> WHAT THE EXERCISE ASKS: Nothing outside the stretch is wanted. Repeat exactly the lines of the listing below from the one that contains "Der Friseurstuhl in" through the one that contains "すでに取ってしまった場合は、", both ends included.

> LISTED RECORDS:

--- --- ---

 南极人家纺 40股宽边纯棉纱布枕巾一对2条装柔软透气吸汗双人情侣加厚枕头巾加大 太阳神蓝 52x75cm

--- --- ---

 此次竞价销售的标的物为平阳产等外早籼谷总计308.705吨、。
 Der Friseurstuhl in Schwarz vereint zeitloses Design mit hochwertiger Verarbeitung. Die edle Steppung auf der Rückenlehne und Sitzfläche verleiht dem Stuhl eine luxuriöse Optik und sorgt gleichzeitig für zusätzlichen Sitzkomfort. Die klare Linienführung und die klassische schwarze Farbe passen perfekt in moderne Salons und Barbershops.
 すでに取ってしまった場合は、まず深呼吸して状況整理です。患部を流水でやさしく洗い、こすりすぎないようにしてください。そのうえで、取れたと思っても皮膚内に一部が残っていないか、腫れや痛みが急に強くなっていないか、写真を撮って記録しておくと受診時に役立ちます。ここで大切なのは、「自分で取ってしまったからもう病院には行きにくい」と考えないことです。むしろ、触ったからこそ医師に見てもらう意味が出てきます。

--- --- ---

> ANSWER TO THE EXERCISE:
 Der Friseurstuhl in Schwarz vereint zeitloses Design mit hochwertiger Verarbeitung. Die edle Steppung auf der Rückenlehne und Sitzfläche verleiht dem Stuhl eine luxuriöse Optik und sorgt gleichzeitig für zusätzlichen Sitzkomfort. Die klare Linienführung und die klassische schwarze Farbe passen perfekt in moderne Salons und Barbershops.
 すでに取ってしまった場合は、まず深呼吸して状況整理です。患部を流水でやさしく洗い、こすりすぎないようにしてください。そのうえで、取れたと思っても皮膚内に一部が残っていないか、腫れや痛みが急に強くなっていないか、写真を撮って記録しておくと受診時に役立ちます。ここで大切なのは、「自分で取ってしまったからもう病院には行きにくい」と考えないことです。むしろ、触ったからこそ医師に見てもらう意味が出てきます。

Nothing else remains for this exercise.